Taken aback initially, I obliged. Something about craving that tangy heat only buffalo sauce can deliver was too deeply ingrained on that lazy Sunday. 

I’d had boneless before but they felt childish - like chicken nuggets with a high school diploma. But something about trying to portray the image of an old soul kept me away for years. Embarrassed but hungry enough not to care, I sipped my hefeweizen and awaited my fate. 

They arrive like any other basket of wings would - red plastic basket, parchment paper base, cup of ranch on the side, and absolutely dripping. A celery and carrot stick cozied up next to the ranch looking to get in on the action too. They would not leave the bar that day either.

That’s entirely too many words building up to a meal so here’s what happened next with brevity in mind: 

  • The fork was obviously a game changer. Not only were my hands spared from the constant wiping on napkins, no wing went wasted. 

  • An all around better flavor profile - more consistently sauced across the board

  • The surface area was more precisely coated with ranch upon dipping. I could go full dunk if I wanted to, or just a dab. No longer was I forced to decide between round-pegging a flat wing into a cup of dressing or dipping just the tip which risks an uneven flavor profile. 

  • I was actively saving the planet by cutting down on napkin and wet wipe consumption. 
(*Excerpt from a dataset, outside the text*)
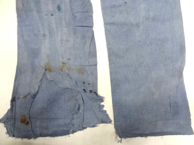 希少なナス紺が褪せたようなレアなブルー系シャンブレーカラーです。いくら時間とお金をかけようが見つからないと思います。画像の通りかなり履きこまれたアジのある一本です。リペアもされているので着用には問題はありません。レングスが稀なくらい長めに残っているので破れた箇所は詰めてきれいに処理できるだけの長さがあります。ダメージをマイナス要素としては全く考えていませんので共感できる方のみご検討ください
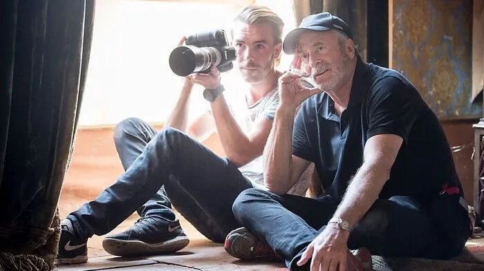 Starfotograf Greg Gorman (r.) gibt einem jungen Kollegen Tipps beim Shooting im Schloss Ehrenhausen

  • No raw spots, no stray bone fragments targeting my trachea, no chewy pieces of cartilage, and a crispier frying experience altogether. 

What my buddies and I thought we looked like on the streets of NYC, fall 2016

I pushed my plate away with a look that said my world had changed. Everything I knew had flipped. Maybe it was the flavor, or the tidy cleaning experience, or the dew point of 53 degrees on a crispy fall NYC day that tipped the scales but I knew I’d never go back. I’d entered the next phase of my palette. A more refined level of consumption - like the move from Old Forester to Woodford, or Sutter Home to Duckhorn.

You can make the argument that because they’re all-around more mature and represent the original idea of wings, bone-in are superior. And that’s fine, I respect wrong opinions as well. I’ll even dabble here and there if I’m in the mood. 

But don’t expect to see me without my fork at the bar 99 times out of 10. Enjoy wiping your fingers, you degenerates.